Write the listing out again exactly as it stands, with no images.

▸ **SOURCE DATA**

»»

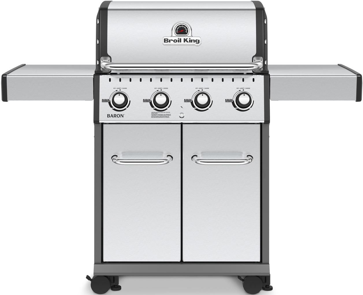 The Baron™ series offers both power and performance in a variety of sizes to suit all types of grillers. At the heart of the Baron series is the legendary Broil King®cooking system: heavy-duty cast iron cooking grids, stainless steel Flav-R-Wave™technology, and powerful stainless steel Dual-Tube™ burners. Easy to maintain, with urban styling and a performance package that rivals any other grill, the Baron series is in a class by itself.
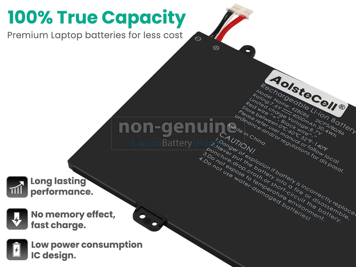 We offer 12 months warranty on the AolsteCell 428086 replacement notebook battery! During the product warranty days, the unartificial defective product is free to be replaced, and we will afford all shipping fee.
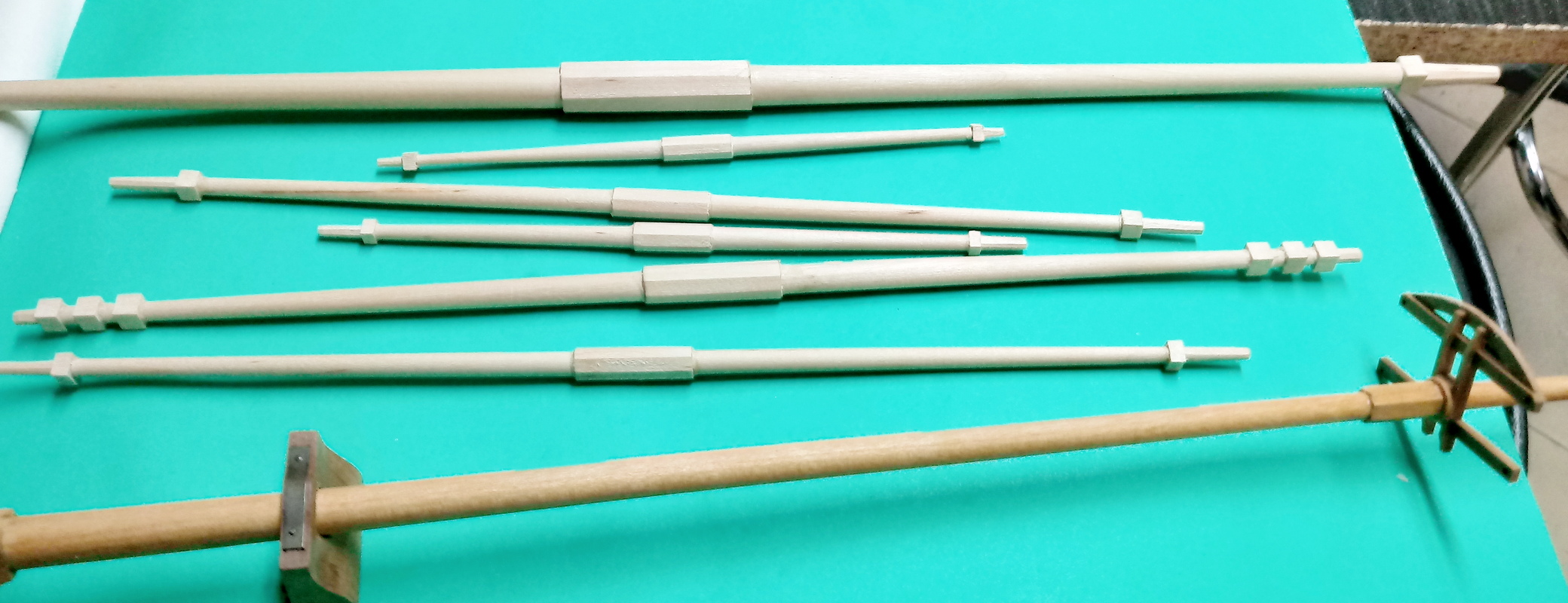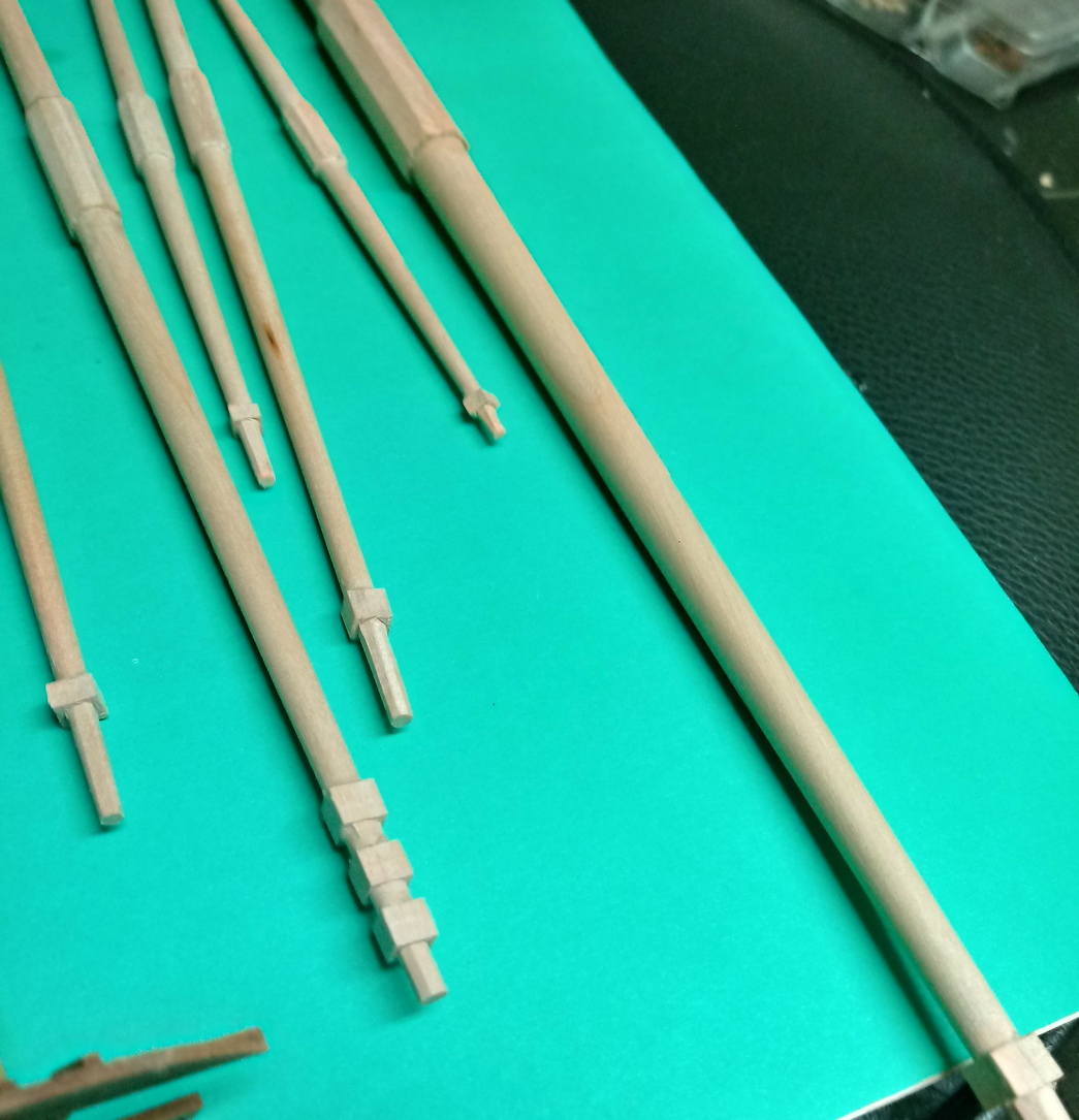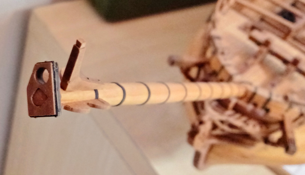 Na tym zdjęciu widać olejowaną stengę grota. Od razu rzuca się w oczy różnica koloru między masztem, a rejami. Niestety nie zadbałem o odpowiedni zapas olchy o jednym odcieniu i reje muszę jakoś zabarwić, aby nie różniły się zbytnio od masztów. :|
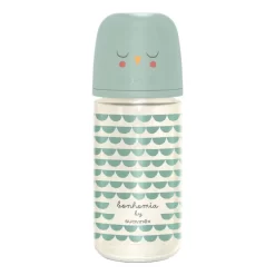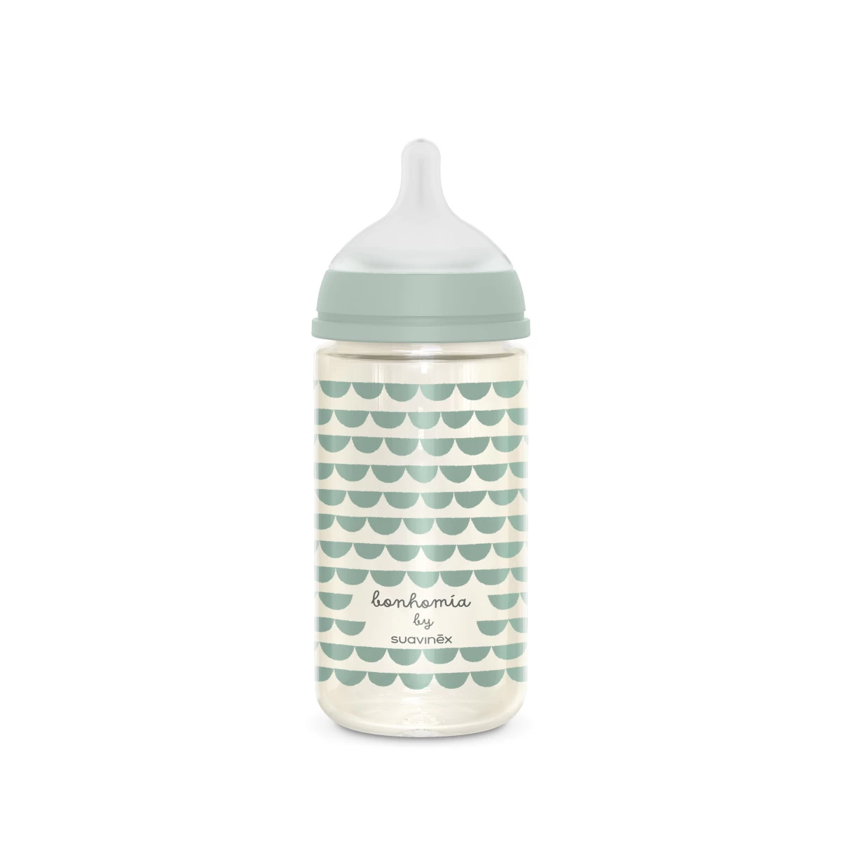 Wat een leuke fles is dit van Suavinex uit de bonhomia collectie! Deze glazen fles is perfect van formaat en zorgt ervoor dat de voeding voor jouw kindje sneller warm wordt en blijft. De buitenkant van de fles is minder warm dan de voeding in de fles zelf, wat het prettig maakt om de fles vast te houden.

««

▸ **PROBLEM SOLUTION**
 The Baron™ series offers both power and performance in a variety of sizes to suit all types of grillers. At the heart of the Baron series is the legendary Broil King®cooking system: heavy-duty cast iron cooking grids, stainless steel Flav-R-Wave™technology, and powerful stainless steel Dual-Tube™ burners. Easy to maintain, with urban styling and a performance package that rivals any other grill, the Baron series is in a class by itself.
 We offer 12 months warranty on the AolsteCell 428086 replacement notebook battery! During the product warranty days, the unartificial defective product is free to be replaced, and we will afford all shipping fee.
 Na tym zdjęciu widać olejowaną stengę grota. Od razu rzuca się w oczy różnica koloru między masztem, a rejami. Niestety nie zadbałem o odpowiedni zapas olchy o jednym odcieniu i reje muszę jakoś zabarwić, aby nie różniły się zbytnio od masztów. :|
 Wat een leuke fles is dit van Suavinex uit de bonhomia collectie! Deze glazen fles is perfect van formaat en zorgt ervoor dat de voeding voor jouw kindje sneller warm wordt en blijft. De buitenkant van de fles is minder warm dan de voeding in de fles zelf, wat het prettig maakt om de fles vast te houden.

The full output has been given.